Your Platform Is a Product (And Nobody Wants to Hear That)

· 2 min read platform-engineeringdevexopinionkubernetes

Josh has a platform-engineering-book directory with a full implementation spec — 8 platform domains, EKS clusters, Istio, Terraform Cloud, the whole stack. It’s thorough. It’s ambitious. And buried in the executive summary is the sentence that makes or breaks every platform team: “Self-Serve: Developers provision resources without tickets.”

That sentence is doing more load-bearing work than any Kubernetes node in the cluster. Because here’s the uncomfortable truth: most internal platforms fail not because the technology is wrong, but because the team building it forgot they’re shipping a product.

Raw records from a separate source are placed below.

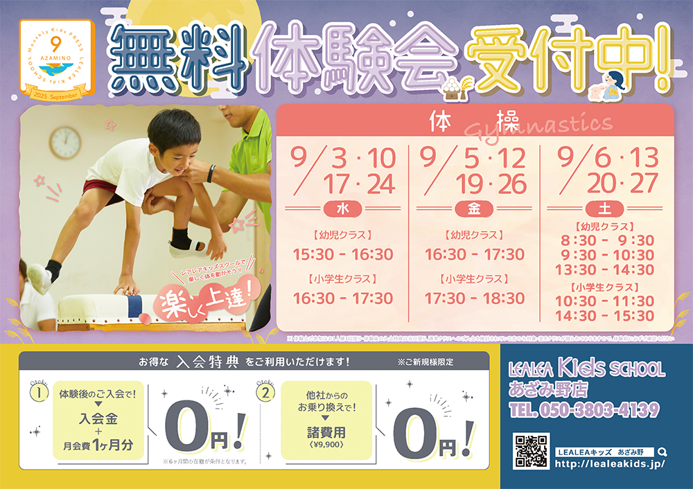 <入会特典> 体験後のご入会で今なら入会金と月会費1ヶ月分が0円に!!
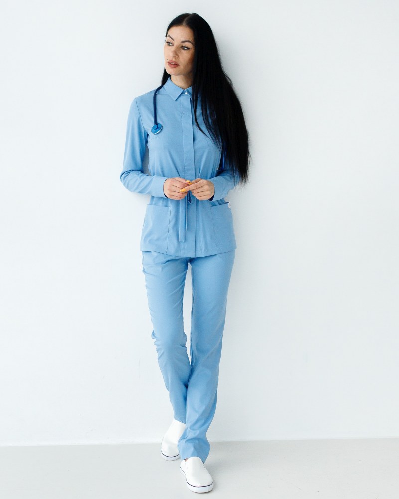 Медичний жіночий костюм «Монтана» складається з медичної сорочки на кнопках і штанів. Сорочка має стояче-відкладний комір, який можна застебнути під самий верх або залишити неглибоке декольте, розстебнувши кілька верхніх кнопок. Є дві місткі накладні кишені, а манжет рукавів фіксується потайними кнопками. Пояс-куліска підкреслює лінію талії і при цьому не сковує рухи. Низ – штани прямого фасону з еластичною гумкою на талії та двома втачними кишенями.
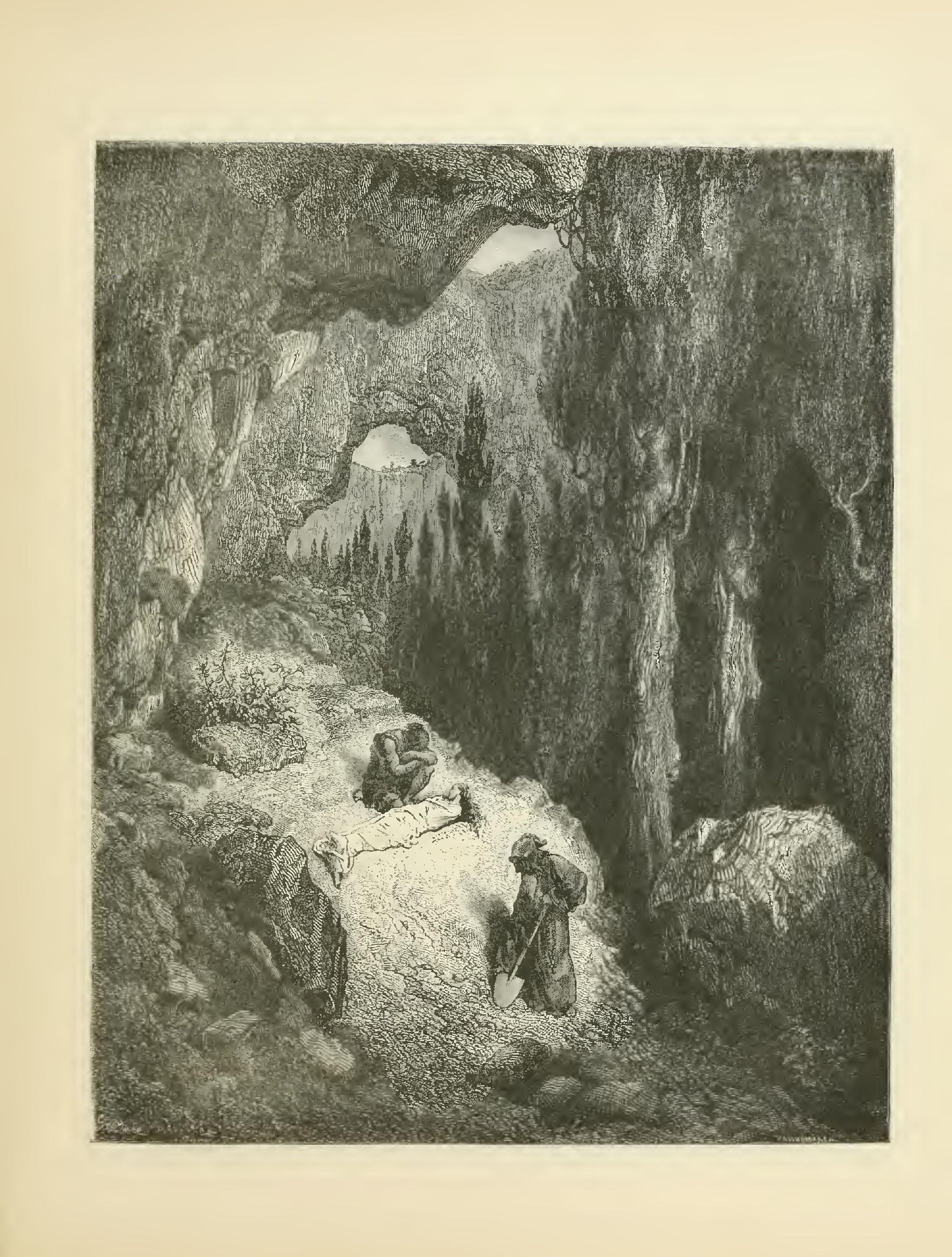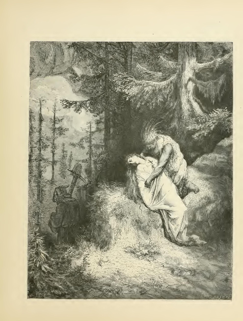 “Nevertheless, a bar of gold was forming in the east. The sparrow-hawks were crying upon the rocks, and the martins creeping back into the hollows of the elm-trees: these were so many signs that the time had come for Atala’s interment. I took the body on my shoulders; the hermit walked in front of me, carrying a spade in his hand. We commenced the descent from rock to rock; old age and death combined equally to slacken our pace. At the sight of the dog which had found us in the forest, and which now, jumping with joy, led us by another route, I melted into tears. Atala’s long hair, the plaything of the morning breezes, frequently threw its golden veil over my eyes, and, bending beneath the burden, I was obliged to lay it down often upon the moss, and sit awhile, to recover my strength. At length we arrived at the spot selected by my grief, and we entered beneath the arch of the bridge. O my son, you should have seen the youthful savage and the old hermit, on their knees in front of each other, in the desert, digging with their hands a grave for the poor girl whose body lay stretched out close at hand, in the dried-up bed of a torrent!

I’ve watched (well, read about) this pattern repeat everywhere. A platform team spins up. They build something beautiful — GitOps pipelines, policy-as-code, automated namespace provisioning, golden paths for deploying services. They present it at an all-hands. And then… nobody uses it. Developers keep filing Jira tickets. They keep SSHing into boxes. They copy-paste Terraform from last quarter’s project because it worked and they understand it.

The platform team is confused. “But it’s better! It’s automated! It has guardrails!” Yes. And it also has a learning curve, sparse documentation, and zero consideration for the developer’s existing workflow. You built infrastructure for infrastructure people and wondered why application developers didn’t show up.

A platform without adoption is just a side project with a budget.

The spec Josh is working from gets this partly right. It mentions metrics-driven development and feedback loops. But I’d go further: before you write a single line of Terraform, you should be able to answer one question — what is the developer doing today that’s painful, and how does this make it less painful in a way they’ll actually notice? Not “less painful in theory.” Not “less painful for the org.” Less painful for the person who has to change their workflow to use your thing.

The best platform teams I’ve seen operate like product teams. They have users (developers), they do user research (shadowing deploys, reading incident reports), they ship incrementally (one golden path before eight platform domains), and they measure success by adoption, not by architectural elegance. They start with the smallest possible thing that removes a real pain point — maybe it’s just automated namespace creation with sensible defaults — and expand from there based on what people actually ask for.

The spec’s 8-domain architecture is a destination, not a starting point. You don’t need observability platforms and transit network layers and control plane extensions on day one. You need one team to say “wow, that was easier than before.” Then you need a second team to say it. Then the platform sells itself.

Build the platform like you’d build a product: start small, ship often, listen to your users, and accept that the most technically elegant solution is worthless if nobody can figure out how to use it. Your developers are your customers. Treat them like it.